▶ [Provided data]:
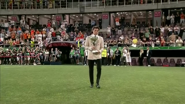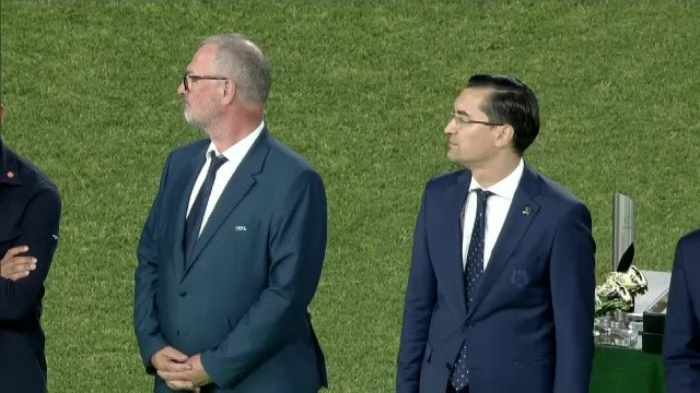 La ceremonia de premiere a participat și Răzvan Burleanu. Președintele FRF a fost însoțit pe teren, pe lângă oficialii UEFA, de Sergio Merchan Guay, vicepreședintele Federației Spaniole de Fotbal și Nigel de Jong, directorul tehnic al Federației Olandeze.
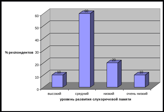 Итак, констатирующий эксперимент показал, что среди дошкольников с ОНР III уровня 10% детей имеют очень низкий уровень развития смысловой слухоречевой памяти, 50% - низкий, 40% - средний. См. гистограмму 3.
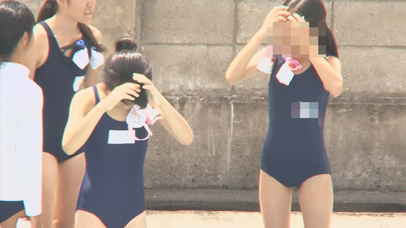 泳ぎの順番待ちのシーンでは濡れ濡れ水着から水滴をぽたぽた落としながら自分の番を待つ娘の姿。寒いのか時々体を動かしています。
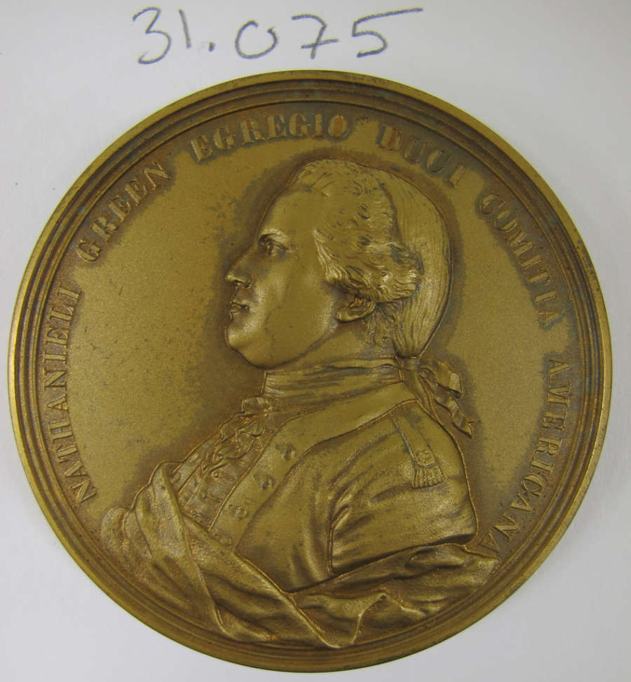 Obv: NATHANIEL I GREEN EGREGIO DUCI COMITIA AMERICANA.Rev: SALUS REGIONUM, HOSTIBUS AD EUTAW DEBELLATIS DIE VIII SEPT MDCCIXXXI.

▶ [Goal of the exercise]:
Word for word, quote the lines above. Omit the pictures.

▶ [Exercise response]:
 La ceremonia de premiere a participat și Răzvan Burleanu. Președintele FRF a fost însoțit pe teren, pe lângă oficialii UEFA, de Sergio Merchan Guay, vicepreședintele Federației Spaniole de Fotbal și Nigel de Jong, directorul tehnic al Federației Olandeze.
 Итак, констатирующий эксперимент показал, что среди дошкольников с ОНР III уровня 10% детей имеют очень низкий уровень развития смысловой слухоречевой памяти, 50% - низкий, 40% - средний. См. гистограмму 3.
 泳ぎの順番待ちのシーンでは濡れ濡れ水着から水滴をぽたぽた落としながら自分の番を待つ娘の姿。寒いのか時々体を動かしています。
 Obv: NATHANIEL I GREEN EGREGIO DUCI COMITIA AMERICANA.Rev: SALUS REGIONUM, HOSTIBUS AD EUTAW DEBELLATIS DIE VIII SEPT MDCCIXXXI.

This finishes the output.